Multi-Gene Next-Generation Sequencing Assay for Germline Assessment
DNA from patient white blood cells was analyzed for germline mutations in a panel of 25 genes associated with hereditary cancer syndromes (MLH1, MSH2, MSH6, PMS2, EPCAM, PTEN, STK11, TP53, BRCA1, BRCA2, APC, ATM, BARD1, BMPR1A, BRIP1, CDH1, CDK4, CDKN2A, CHEK2, bi-allelic MUTYH, NBN, PALB2, RAD51C, RAD51D, and SMAD4) as previously described.26, 27 Sample preparation for next-generation sequencing was performed using the RainDance Thunderstorm emulsion polymerase chain reaction (PCR) system (RainDance Technologies, Billerica, Massachusetts, USA). Next-generation sequencing was performed using the Illumina HiSeq2500 (Illumina, San Diego, California, USA). Large rearrangements were identified using quantitative dosage analysis of the data obtained from next-generation sequencing. In addition, deletions and duplications were identified using a custom microarray comparative genomic hybridization chip (Agilent Technologies, Santa Clara, California, USA). Multiplex ligation-dependent probe amplification analysis for large rearrangements in PMS2 and CHEK2 was performed to distinguish homologous pseudo genes and actual gene regions.30 Variants were classified using American College of Medical Genetics and Genomics recommendations and Myriad Genetics data.31, 32 Gene variants that were deemed deleterious or suspected deleterious were considered mutations. If a patient had a deletion in EPCAM that extended into MSH2, then this patient was counted as one mutation in EPCAM-MSH2. MUTYH variants were considered deleterious only if bi-allelic. Mono-allelic MUTYH mutation carriers were counted and reported separately. Variants of unknown significance were counted and reported separately.
Statistics
The prevalence of deleterious mutations in each of the 25 genes was tabulated and exact 95% confidence intervals were calculated by the Clopper–Pearson method. Demographic, clinical, and pathologic characteristics were compared using the χ2-test for categorical variables and the t-test/ANOVA for continuous variables. As this is primarily a descriptive study, there were no formal adjustments for multiple comparisons. P-values ≤0.05 were considered statistically significant. Analyses were performed using SAS for Windows version 9.3.
Results
A total of 447 patients with endometrial carcinoma were identified with available clinical data. Sixty-six patients had insufficient DNA for germline testing, resulting in 381 patients included in this analysis. Most (365/381) had previously undergone tumor testing (immunohistochemistry, MSI analysis, and MLH1 methylation) for evaluation of possible Lynch Syndrome. As summarized in Table 1, cases were representative of an endometrial cancer patient population with a mean age of diagnosis 61 years and the majority with stage I or II, grade 1 or 2 endometrioid-type endometrial carcinomas.
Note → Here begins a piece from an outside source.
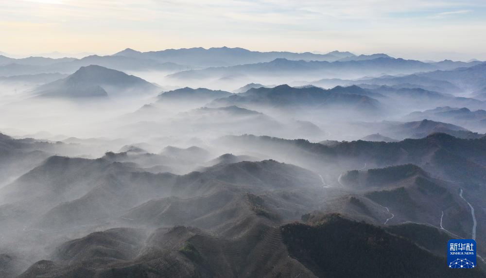 10月30日早晨拍摄的河北省遵化市山乡景色(无人机照片)。(新华社发 刘满仓 摄)
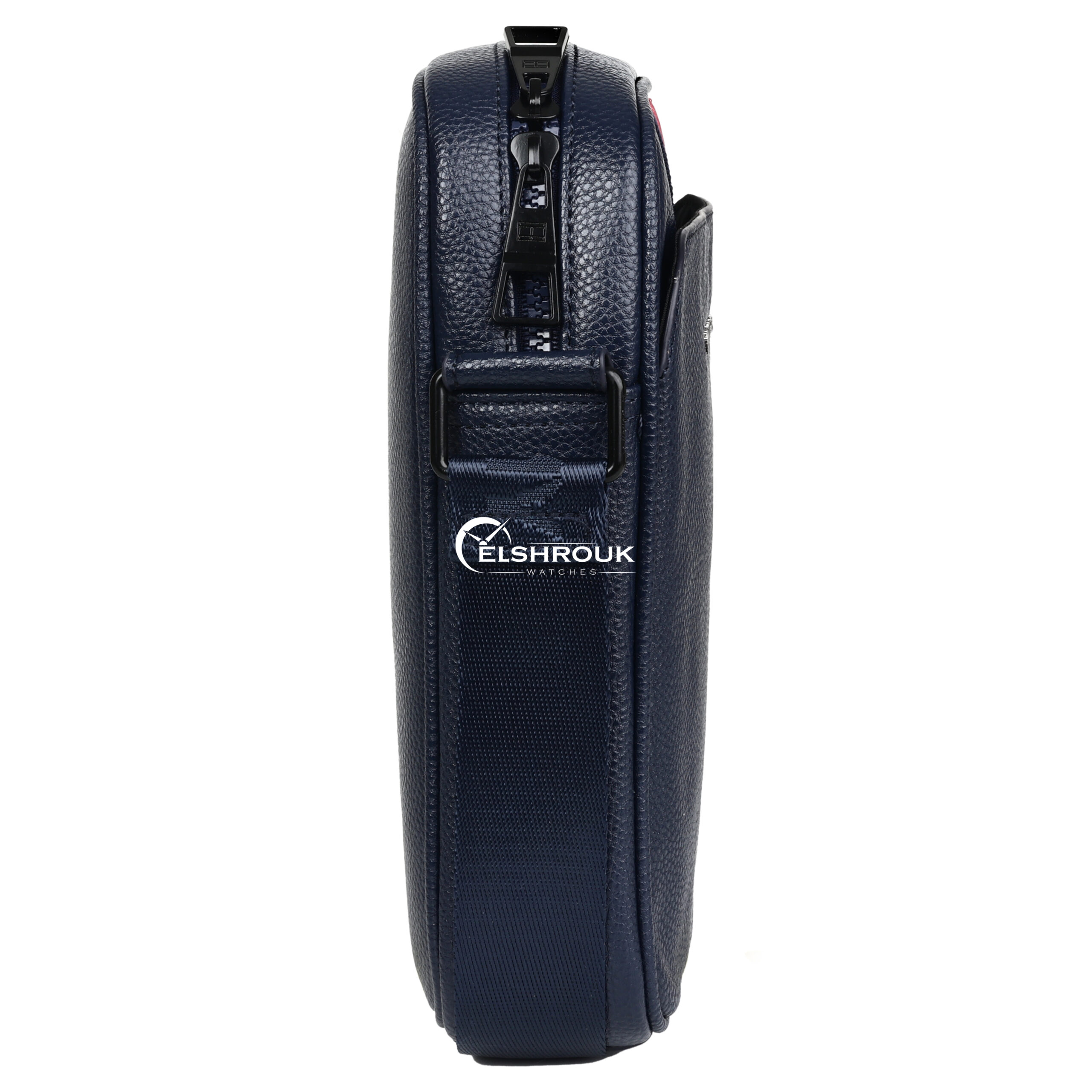 شنطة كروس لاكوست رجالي ازرق بتصميم مربعات أنيق، حزام قابل للتعديل، سحّابات معدنية متعددة الجيوب لتنظيم مثالي، متينة وخفيفة تناسب العمل والمشاوير اليومية

The spectrum of germline mutations detected is summarized in Table 2 and Supplementary Tables 2 and 3. Thirty-five patients (9%, 95% confidence interval (CI)=6.48–12.54) had a deleterious mutation in one of the 25 genes examined. Twenty-two patients (6%, 95% CI=3.65–8.61) had a deleterious mutation in Lynch syndrome genes, including 3 MLH1, 5 MSH2, 2 EPCAM-MSH2, 6 MSH6, and 6 PMS2 mutations. Thirteen patients (3%, 95% CI=1.83–5.76) had a deleterious mutation in non-Lynch syndrome genes including four CHEK2 and one each in APC, ATM, BARD1, BRCA1, BRCA2, BRIP1, NBN, PTEN, and RAD51C. Mutations in high-penetrance genes (Lynch syndrome genes, BRCA1, BRCA2, PTEN, and APC) accounted for 74% of the deleterious mutations detected.
Important clinical and pathological characteristics for patients with deleterious germline mutations are summarized in Table 3. We have previously shown that patients with Lynch syndrome germline mutations are more likely to have endometrial tumors centered on the lower uterine segment33 and a lower body mass index.34 Compared with patients with no deleterious mutation, patients with deleterious germline mutations in Lynch syndrome genes were younger at diagnosis (mean 52 vs 62 years, P<0.01), less likely to be overweight (64 vs 86%, P=0.01), more likely to have a tumor in the lower uterine segment (30 vs 8%, P<0.01), and more likely to meet the Society of Gynecologic Oncology guidelines for genetic assessment referral (59 vs 24%, P=0.01). Of note, three patients (14%) with deleterious germline mutations in Lynch syndrome genes were diagnosed at age >60 years, and 41% of the patients with a Lynch syndrome deleterious mutation did not meet the Society of Gynecologic Oncology criteria for genetic assessment referral. Twenty-one of 22 patients with deleterious mutations in Lynch syndrome genes had available tumor-testing results. Two (10%) of these patients had a deleterious mutation (one PMS2 and one MSH6) and intact immunohistochemistry expression of mismatch repair proteins without MSI, suggestive of a sporadic cancer. Patients with deleterious germline mutations in non-Lynch syndrome genes were more likely to have endometrial carcinomas with serous histology (23 vs 6%, P=0.02) than patients without a deleterious mutation. No other predictors of deleterious mutations in non-Lynch syndrome genes were identified.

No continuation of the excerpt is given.